WORK REQUEST: In the material below, find the line containing "一ツ松 礼圭さんの天格は12画の1点!" and the line containing "Navy denim coat". Output those two lines and all lines between them exactly, without pictures.

EXTRACTED RECORDS:
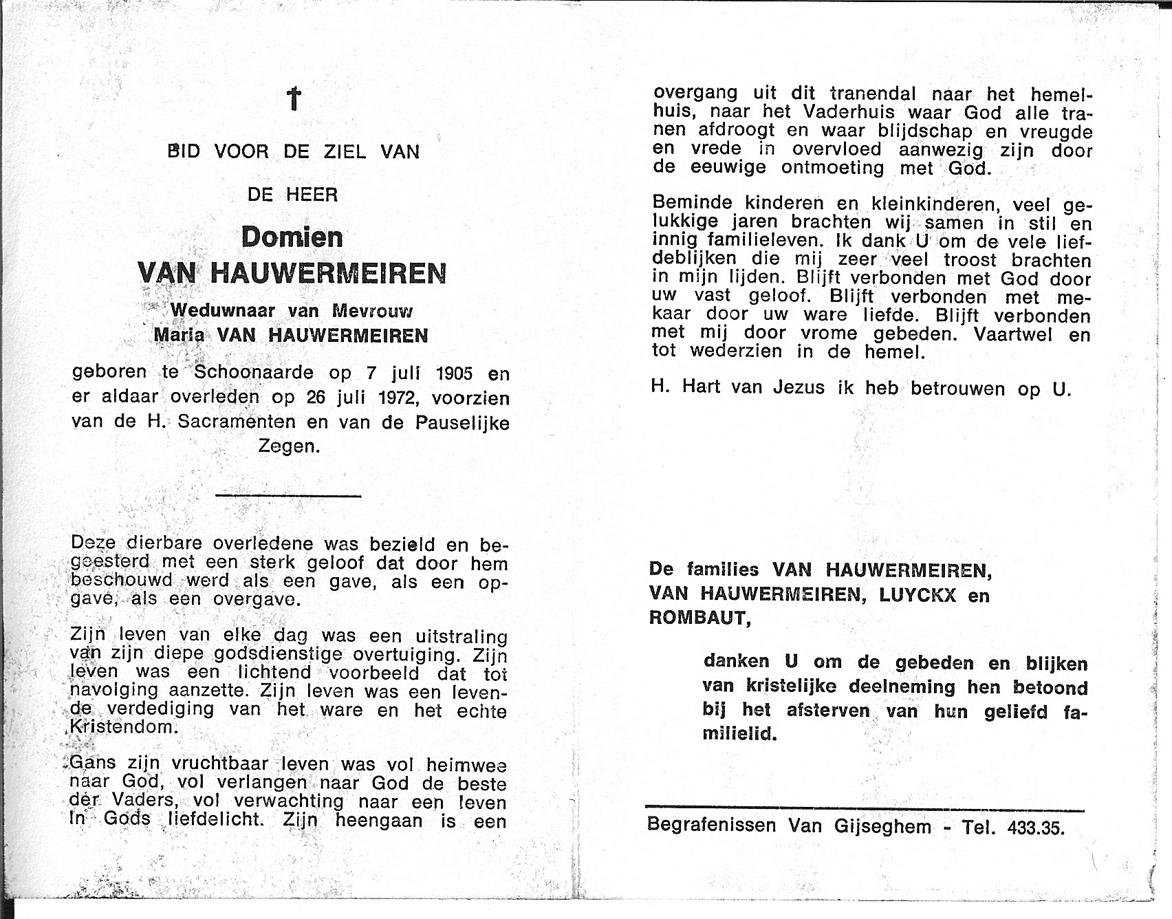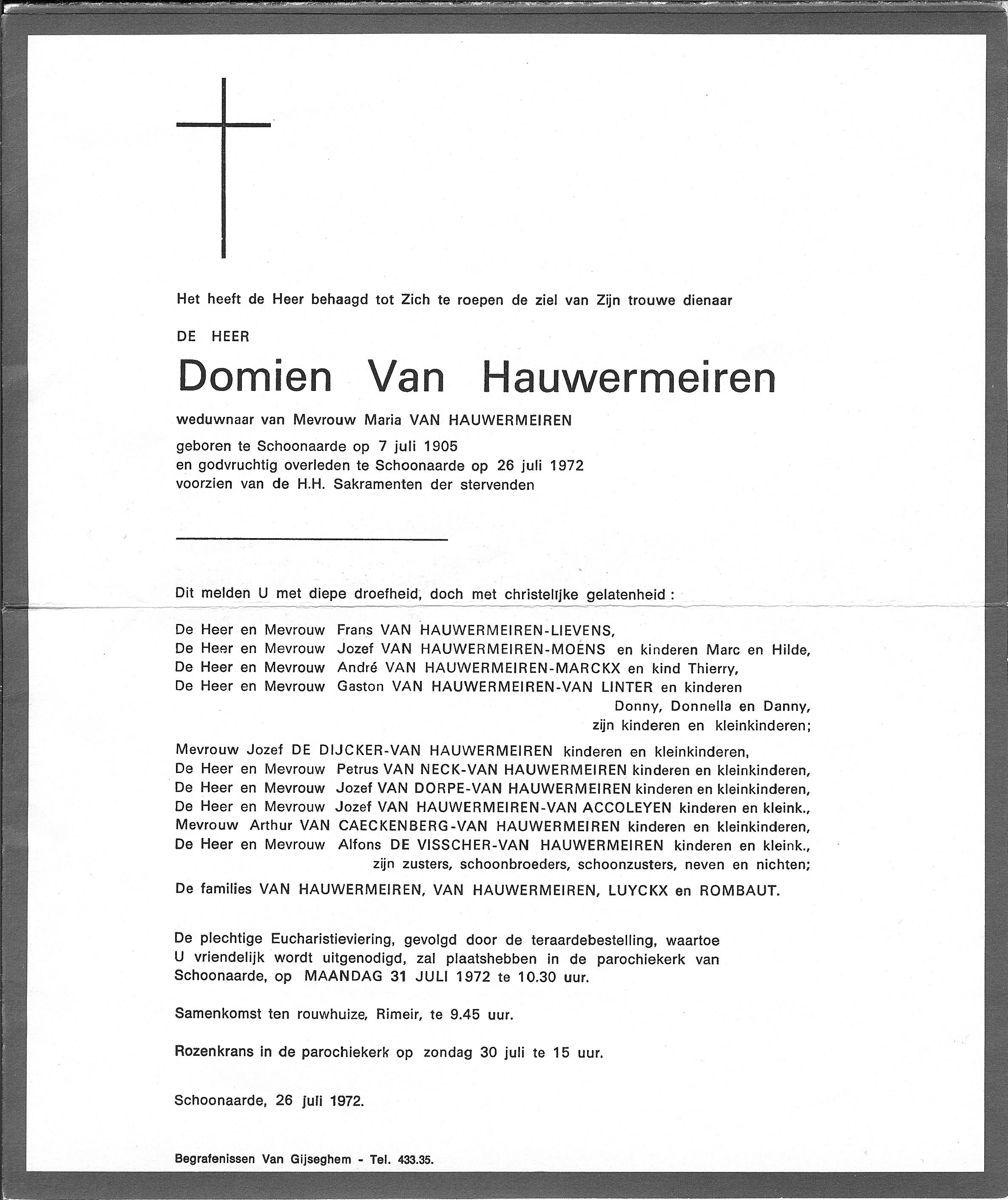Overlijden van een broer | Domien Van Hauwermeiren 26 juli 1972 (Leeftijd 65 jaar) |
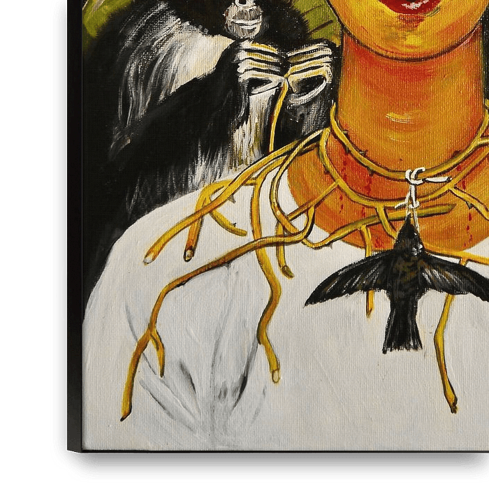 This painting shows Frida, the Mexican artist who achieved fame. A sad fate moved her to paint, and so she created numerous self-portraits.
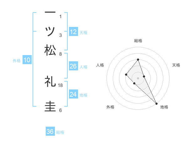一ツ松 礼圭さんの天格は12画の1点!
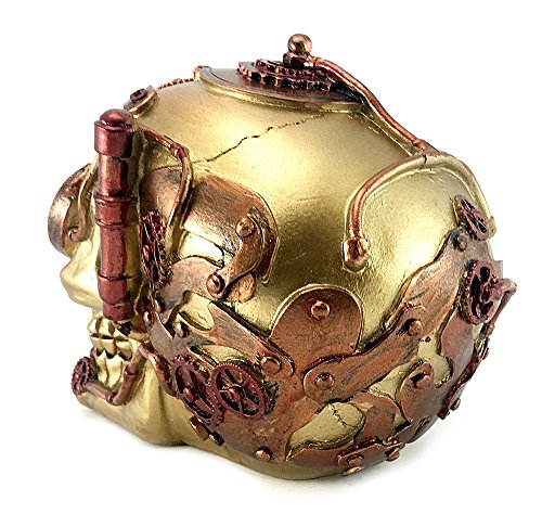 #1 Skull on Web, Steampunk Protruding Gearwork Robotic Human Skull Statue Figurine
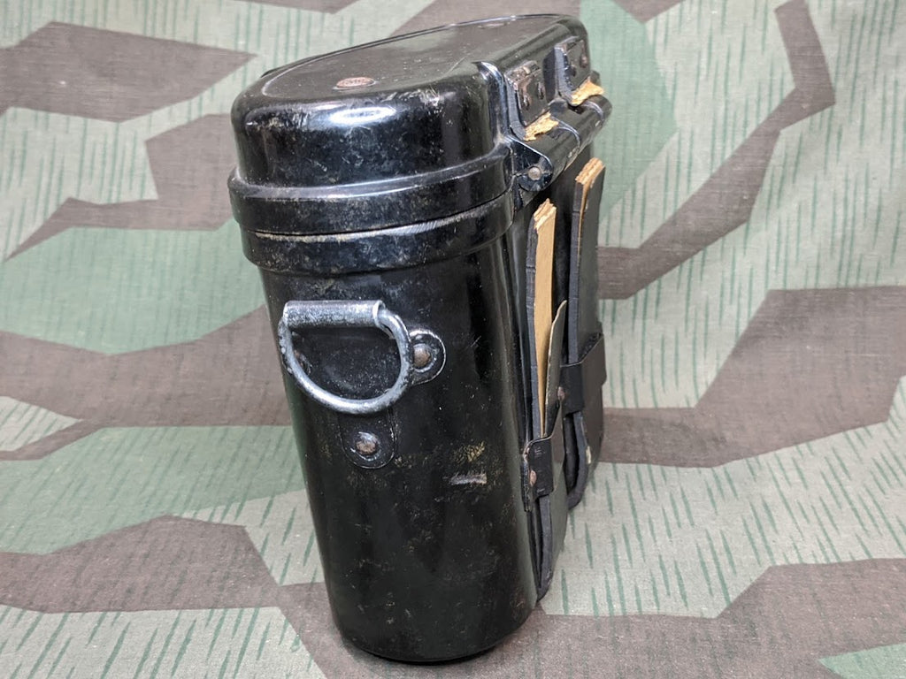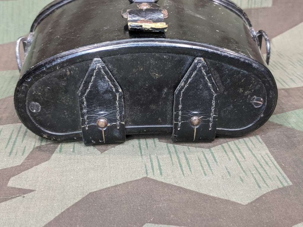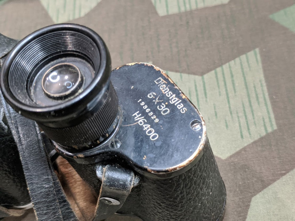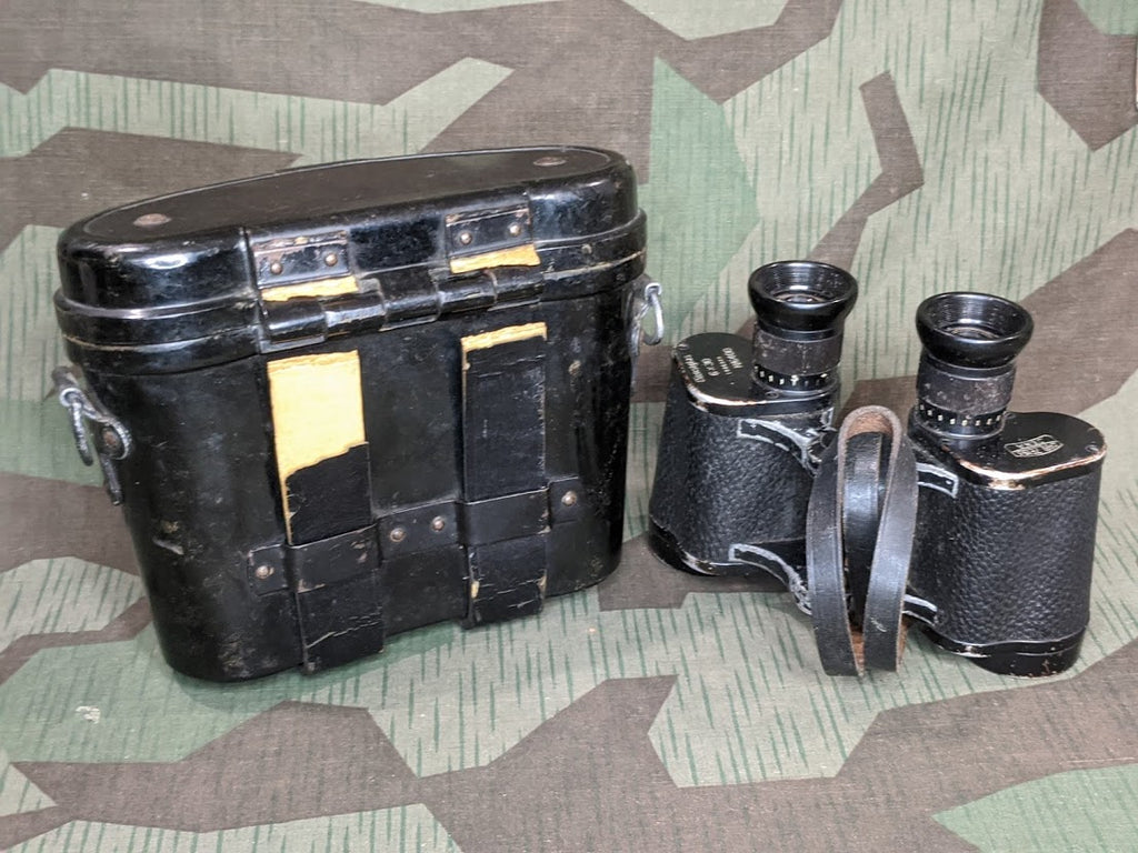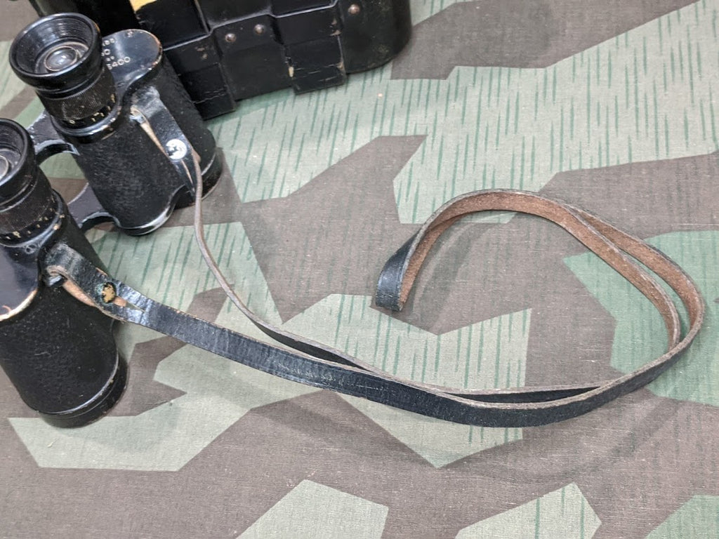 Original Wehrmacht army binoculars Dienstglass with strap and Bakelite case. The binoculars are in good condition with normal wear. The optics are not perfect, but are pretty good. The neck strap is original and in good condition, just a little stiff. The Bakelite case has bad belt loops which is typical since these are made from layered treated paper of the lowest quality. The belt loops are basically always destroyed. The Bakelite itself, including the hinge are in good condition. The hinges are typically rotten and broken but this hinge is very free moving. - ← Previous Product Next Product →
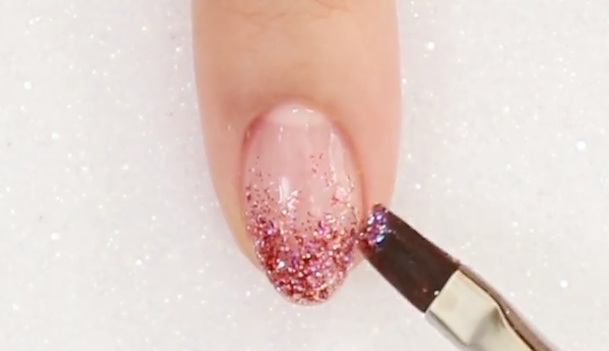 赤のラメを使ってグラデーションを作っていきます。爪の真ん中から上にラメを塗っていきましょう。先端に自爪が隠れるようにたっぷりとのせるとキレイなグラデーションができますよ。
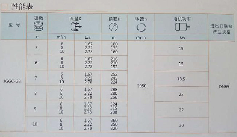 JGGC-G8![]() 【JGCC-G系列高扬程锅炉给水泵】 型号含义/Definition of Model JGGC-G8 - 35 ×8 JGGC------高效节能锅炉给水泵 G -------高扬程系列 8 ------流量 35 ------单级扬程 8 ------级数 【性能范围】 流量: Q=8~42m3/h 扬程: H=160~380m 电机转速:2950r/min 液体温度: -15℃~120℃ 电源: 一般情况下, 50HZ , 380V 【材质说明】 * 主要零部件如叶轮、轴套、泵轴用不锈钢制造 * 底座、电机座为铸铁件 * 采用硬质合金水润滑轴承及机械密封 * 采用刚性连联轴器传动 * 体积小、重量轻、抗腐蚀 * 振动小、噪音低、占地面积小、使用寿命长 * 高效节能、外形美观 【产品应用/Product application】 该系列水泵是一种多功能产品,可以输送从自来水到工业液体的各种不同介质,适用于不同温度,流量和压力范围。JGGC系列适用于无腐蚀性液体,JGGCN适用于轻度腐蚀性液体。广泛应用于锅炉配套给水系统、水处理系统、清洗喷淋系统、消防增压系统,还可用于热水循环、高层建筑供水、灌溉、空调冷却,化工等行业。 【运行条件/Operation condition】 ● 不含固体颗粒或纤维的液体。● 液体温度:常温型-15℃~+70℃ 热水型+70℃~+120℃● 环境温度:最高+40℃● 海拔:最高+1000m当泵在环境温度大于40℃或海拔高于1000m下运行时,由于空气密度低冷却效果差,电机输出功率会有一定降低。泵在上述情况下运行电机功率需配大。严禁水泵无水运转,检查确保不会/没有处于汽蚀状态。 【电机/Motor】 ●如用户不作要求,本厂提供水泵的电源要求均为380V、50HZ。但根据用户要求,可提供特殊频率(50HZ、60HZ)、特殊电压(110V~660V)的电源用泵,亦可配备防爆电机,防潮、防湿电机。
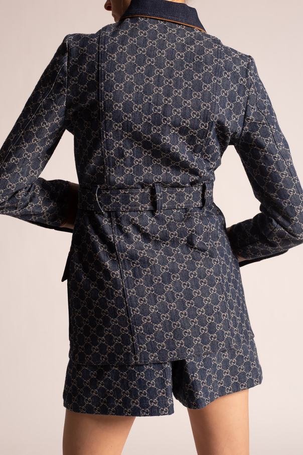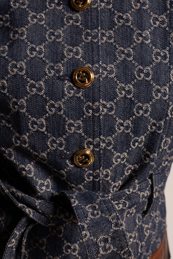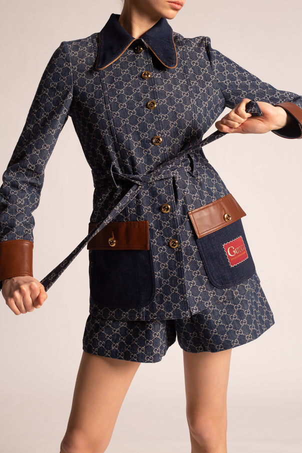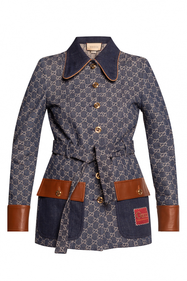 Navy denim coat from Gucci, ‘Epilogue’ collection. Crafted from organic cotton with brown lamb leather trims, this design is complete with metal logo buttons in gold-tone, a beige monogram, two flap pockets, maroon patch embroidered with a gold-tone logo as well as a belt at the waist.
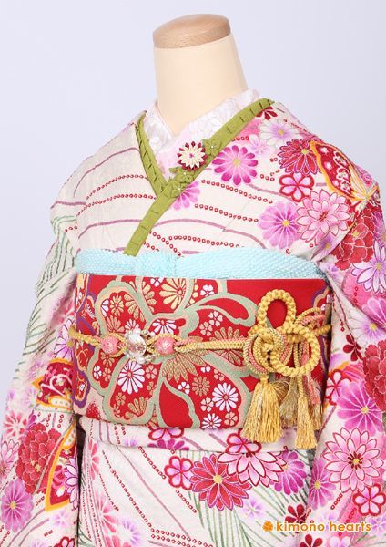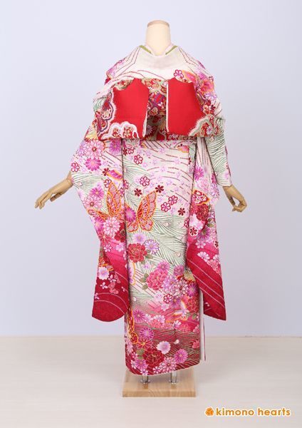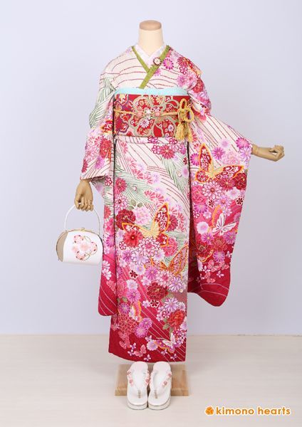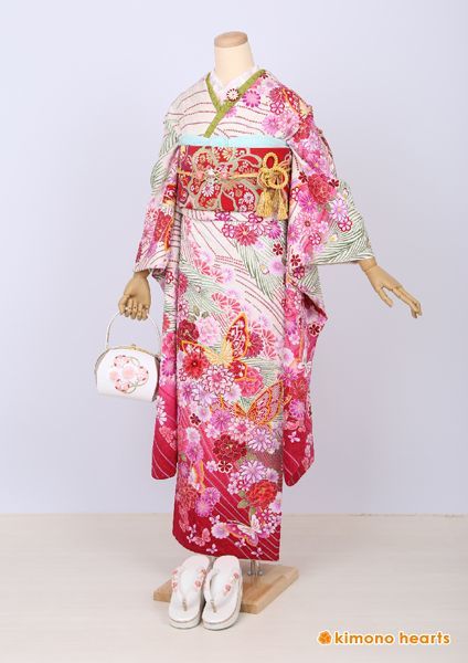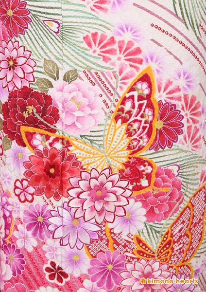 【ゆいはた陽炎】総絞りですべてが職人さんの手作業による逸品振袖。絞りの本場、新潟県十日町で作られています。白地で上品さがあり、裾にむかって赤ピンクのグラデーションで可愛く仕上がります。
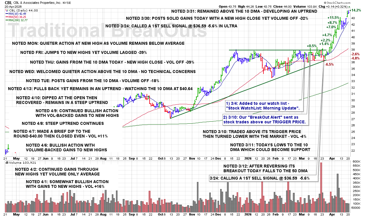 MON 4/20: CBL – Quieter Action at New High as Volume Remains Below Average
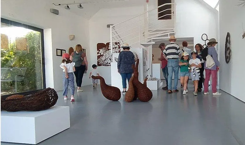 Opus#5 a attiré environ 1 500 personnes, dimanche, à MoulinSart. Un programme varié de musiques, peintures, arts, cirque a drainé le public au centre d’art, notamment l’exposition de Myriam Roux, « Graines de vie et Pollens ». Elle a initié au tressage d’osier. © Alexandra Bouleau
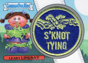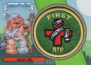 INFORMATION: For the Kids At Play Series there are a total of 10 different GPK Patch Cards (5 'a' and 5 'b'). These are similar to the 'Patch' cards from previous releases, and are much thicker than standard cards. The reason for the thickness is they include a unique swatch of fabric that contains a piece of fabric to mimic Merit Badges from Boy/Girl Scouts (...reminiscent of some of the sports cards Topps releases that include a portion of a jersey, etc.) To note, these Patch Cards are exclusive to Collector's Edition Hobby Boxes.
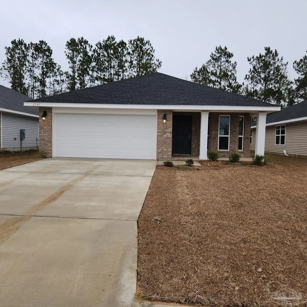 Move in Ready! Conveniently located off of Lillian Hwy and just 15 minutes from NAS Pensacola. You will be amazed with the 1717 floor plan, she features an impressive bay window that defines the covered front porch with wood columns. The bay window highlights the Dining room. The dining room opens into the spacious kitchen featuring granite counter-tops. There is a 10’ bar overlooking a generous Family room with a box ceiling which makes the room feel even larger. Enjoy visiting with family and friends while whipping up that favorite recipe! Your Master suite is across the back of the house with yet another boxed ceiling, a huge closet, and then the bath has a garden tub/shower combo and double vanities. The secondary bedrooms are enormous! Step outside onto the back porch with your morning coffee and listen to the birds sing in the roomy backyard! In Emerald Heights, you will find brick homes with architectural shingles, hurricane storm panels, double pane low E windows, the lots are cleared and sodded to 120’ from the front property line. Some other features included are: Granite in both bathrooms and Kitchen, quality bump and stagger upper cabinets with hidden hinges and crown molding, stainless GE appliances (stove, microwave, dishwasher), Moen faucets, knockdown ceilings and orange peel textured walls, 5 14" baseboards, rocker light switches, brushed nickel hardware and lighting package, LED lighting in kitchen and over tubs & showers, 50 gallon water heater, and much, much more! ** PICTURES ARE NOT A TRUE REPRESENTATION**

EXERCISE RESULT:
一ツ松 礼圭さんの天格は12画の1点!
 #1 Skull on Web, Steampunk Protruding Gearwork Robotic Human Skull Statue Figurine
 Original Wehrmacht army binoculars Dienstglass with strap and Bakelite case. The binoculars are in good condition with normal wear. The optics are not perfect, but are pretty good. The neck strap is original and in good condition, just a little stiff. The Bakelite case has bad belt loops which is typical since these are made from layered treated paper of the lowest quality. The belt loops are basically always destroyed. The Bakelite itself, including the hinge are in good condition. The hinges are typically rotten and broken but this hinge is very free moving. - ← Previous Product Next Product →
 赤のラメを使ってグラデーションを作っていきます。爪の真ん中から上にラメを塗っていきましょう。先端に自爪が隠れるようにたっぷりとのせるとキレイなグラデーションができますよ。
 JGGC-G8![]() 【JGCC-G系列高扬程锅炉给水泵】 型号含义/Definition of Model JGGC-G8 - 35 ×8 JGGC------高效节能锅炉给水泵 G -------高扬程系列 8 ------流量 35 ------单级扬程 8 ------级数 【性能范围】 流量: Q=8~42m3/h 扬程: H=160~380m 电机转速:2950r/min 液体温度: -15℃~120℃ 电源: 一般情况下, 50HZ , 380V 【材质说明】 * 主要零部件如叶轮、轴套、泵轴用不锈钢制造 * 底座、电机座为铸铁件 * 采用硬质合金水润滑轴承及机械密封 * 采用刚性连联轴器传动 * 体积小、重量轻、抗腐蚀 * 振动小、噪音低、占地面积小、使用寿命长 * 高效节能、外形美观 【产品应用/Product application】 该系列水泵是一种多功能产品,可以输送从自来水到工业液体的各种不同介质,适用于不同温度,流量和压力范围。JGGC系列适用于无腐蚀性液体,JGGCN适用于轻度腐蚀性液体。广泛应用于锅炉配套给水系统、水处理系统、清洗喷淋系统、消防增压系统,还可用于热水循环、高层建筑供水、灌溉、空调冷却,化工等行业。 【运行条件/Operation condition】 ● 不含固体颗粒或纤维的液体。● 液体温度:常温型-15℃~+70℃ 热水型+70℃~+120℃● 环境温度:最高+40℃● 海拔:最高+1000m当泵在环境温度大于40℃或海拔高于1000m下运行时,由于空气密度低冷却效果差,电机输出功率会有一定降低。泵在上述情况下运行电机功率需配大。严禁水泵无水运转,检查确保不会/没有处于汽蚀状态。 【电机/Motor】 ●如用户不作要求,本厂提供水泵的电源要求均为380V、50HZ。但根据用户要求,可提供特殊频率(50HZ、60HZ)、特殊电压(110V~660V)的电源用泵,亦可配备防爆电机,防潮、防湿电机。
 Navy denim coat from Gucci, ‘Epilogue’ collection. Crafted from organic cotton with brown lamb leather trims, this design is complete with metal logo buttons in gold-tone, a beige monogram, two flap pockets, maroon patch embroidered with a gold-tone logo as well as a belt at the waist.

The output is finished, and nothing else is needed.